- [Task goal]:
Retype the opening lines of the listing below, ending with the line that contains "Πανό οργής, αποφασιστικότητας", and leave out any pictures.

- [Collected data]:
┏━━
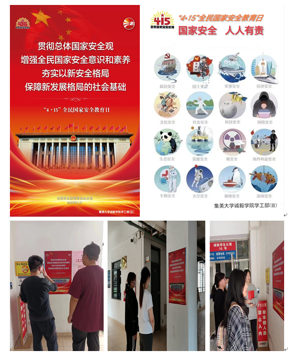 今年全民国家安全教育日的主题是“贯彻总体国家安全观,增强全民国家安全意识和素养,夯实以新安全格局保障新发展格局的社会基础”。学工部印制了宣传教育主题海报,张贴于各学生社区组团入口显眼位置;制作了以国家安全16个方面的基本内容为主题的贴纸,在食堂门口派发给同学们,积极营造维护国家安全的良好氛围,扩大活动覆盖面和影响力。
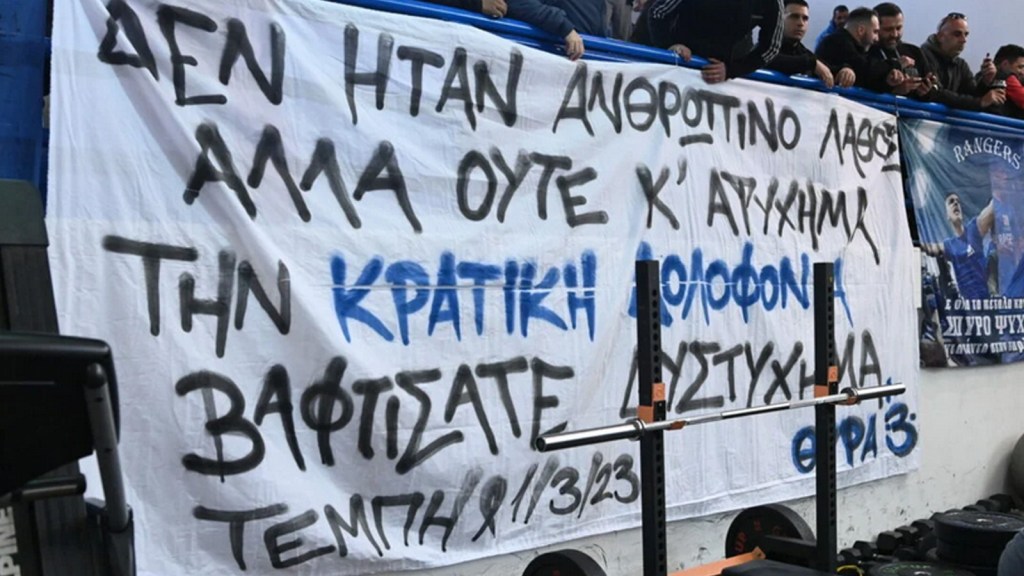 Πανό οργής, αποφασιστικότητας και αγώνα στον αγώνα μπάσκετ τής Κυριακής Ιωνικός – ΑΕΚ. Νεολαία, φίλαθλοι, εργάτες ενωμένοι για την ανατροπή της λαομίσητης μνημονιακής χούντας Μητσοτάκη! (Φωτο Γιώργος Ματθαίος)
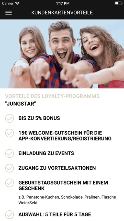 Bling! Bling! Wir schicken Ihnen Ihre persönlichen Vorteile direkt per Push-Nachricht, wie z,B. Ihren Bonus-Scheck und viele weitere tolle Gutscheine für €-Coupons, Rabatte, Einkaufsvorteile, Give-aways und kleine Geschenke. Ihre Gutscheine können Sie direkt über die App in unserem Haus in Augsburg einlösen.
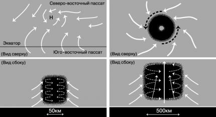 Антициклон зарождается в областях повышенного давления. В антициклоне воздух движется вниз и закручивается ускорением Кориолиса по часовой стрелке в северном полушарии (против часовой стрелки в южном полушарии). Для образования циклонов и антициклонов необходимо, чтобы ускорение Кориолиса было достаточно большим, поэтому они образуются на широтах выше ±5о. Самые мощные циклоны образуются в тропических областях всех океанов. Эти тропические циклоны наиболее часто (87% случаев) возникают в полосах широт ± (5° - 20°), где дуют пассатные ветры. В более высоких широтах они возникают лишь в 13% случаев. Тропические циклоны встречаются - в южной и юго-западной части Северной Атлантики (включая Карибское море и Мексиканский залив), - в северной части Тихого океана (к западу от мексиканского побережья, в районе Филиппинских о-вов и в Китайском море), - в Бенгальском заливе и Аравийском море, - в южной части Индийского океана у берегов Мадагаскара, - у северо-западного побережья Австралии, - в южной части Тихого океана – от побережья Австралии до 140о западной долготы. Никогда не отмечалось возникновение тропических циклонов севернее 35° и южнее -22°. Тропические циклоны, достигшие значительной интенсивности, в каждом районе имеют свое название. В восточной части Тихого океана и в Атлантике их называют ураганами (от испанского слова «уракан»), в странах полуострова Индостан – циклонами или штормами, на Дальнем Востоке – тайфунами (от китайского слова «тай», что означает сильный ветер). Есть и менее распространенные местные названия: «вилли-вилли» – в Австралии, «вилли-вау» – в Океании и «багио» – на Филиппинах. Тайфунам Тихого океана и ураганам Атлантики присваивают имена согласно установленным спискам. Для тайфунов используются четыре списка имен, для ураганов установлен один. Каждому тайфуну или урагану, образовавшемуся в данном календарном году, кроме имени присваивается порядковый номер двухзначная цифра года: например, 0115, что означает пятнадцатый по счету номер тайфуна в 2001. Тропические циклоны образуются над областями океана диаметром от 10 км до 3000 км, в которых температура поверхности воды выше 26°, а разность температур вода-воздух более 2°. Это приводит к усилению испарения воды, повышению концентрации паров воды в воздухе и более быстрому его нагреву по сравнению с соседними областями, где температура воды ниже. Нагретый воздух расширяется, и начинается его вертикальной подъем до высот 5 – 15 км. При подъеме происходит конденсация паров воды в облака. Вращение Земли придает подъему воздуха вихревое движение против часовой стрелки в северном полушарии и по часовой стрелке в южном полушарии.
┗━━
- [Output for this exercise]:
 今年全民国家安全教育日的主题是“贯彻总体国家安全观,增强全民国家安全意识和素养,夯实以新安全格局保障新发展格局的社会基础”。学工部印制了宣传教育主题海报,张贴于各学生社区组团入口显眼位置;制作了以国家安全16个方面的基本内容为主题的贴纸,在食堂门口派发给同学们,积极营造维护国家安全的良好氛围,扩大活动覆盖面和影响力。
 Πανό οργής, αποφασιστικότητας και αγώνα στον αγώνα μπάσκετ τής Κυριακής Ιωνικός – ΑΕΚ. Νεολαία, φίλαθλοι, εργάτες ενωμένοι για την ανατροπή της λαομίσητης μνημονιακής χούντας Μητσοτάκη! (Φωτο Γιώργος Ματθαίος)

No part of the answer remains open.